**DATA BLOCK**
- Opening Delimiter -
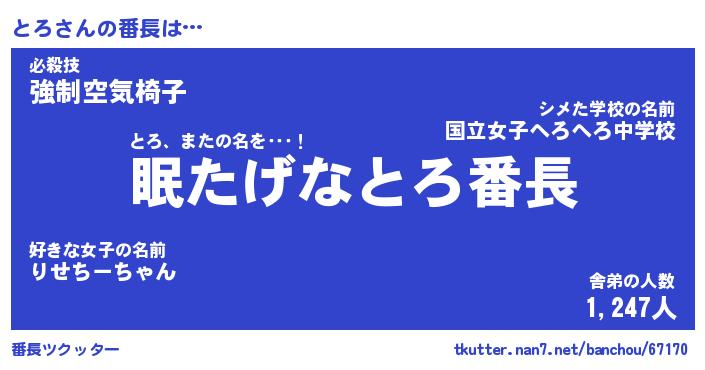 | 2回繰り返すあだ名 | 『とろとろ』『ととろろ』『いじいじ』 |
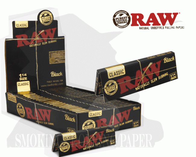 Cartine RAW Black Classic Corte – 1¼ Medium – Scatola da 24 Libretti
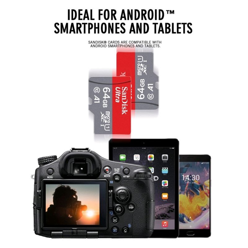 MEMORY CARD SANDISK BUAT HP,CAMERA, CCTV PLUS ADAPTOR MICRO SD 16,32,64,128 GB TERLARIS
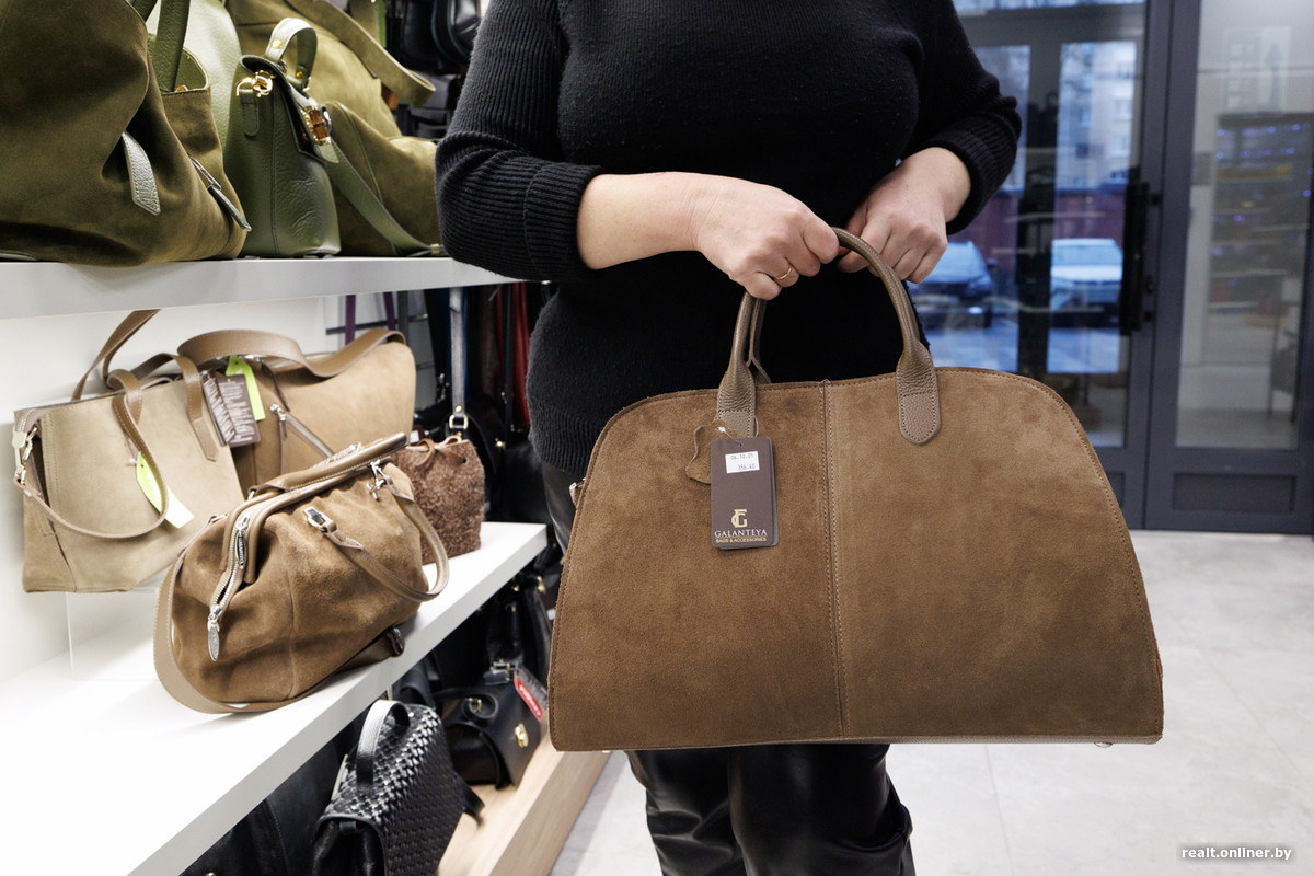 В магазине Galanteya традиционно все полки заставлены сумками всех цветов, фактур и стилей. Спрашиваем, какая модель самая популярная у белорусов? Консультант прикинула и ответила: «Большая и вместительная сумка типа шопера, в которую можно много чего уместить».
- Closing Delimiter -
**AIM OF THE TASK**
Exact repetition of the data is needed, with no images retained.

**SOLUTION TO THIS EXERCISE**
 | 2回繰り返すあだ名 | 『とろとろ』『ととろろ』『いじいじ』 |
 Cartine RAW Black Classic Corte – 1¼ Medium – Scatola da 24 Libretti
 MEMORY CARD SANDISK BUAT HP,CAMERA, CCTV PLUS ADAPTOR MICRO SD 16,32,64,128 GB TERLARIS
 В магазине Galanteya традиционно все полки заставлены сумками всех цветов, фактур и стилей. Спрашиваем, какая модель самая популярная у белорусов? Консультант прикинула и ответила: «Большая и вместительная сумка типа шопера, в которую можно много чего уместить».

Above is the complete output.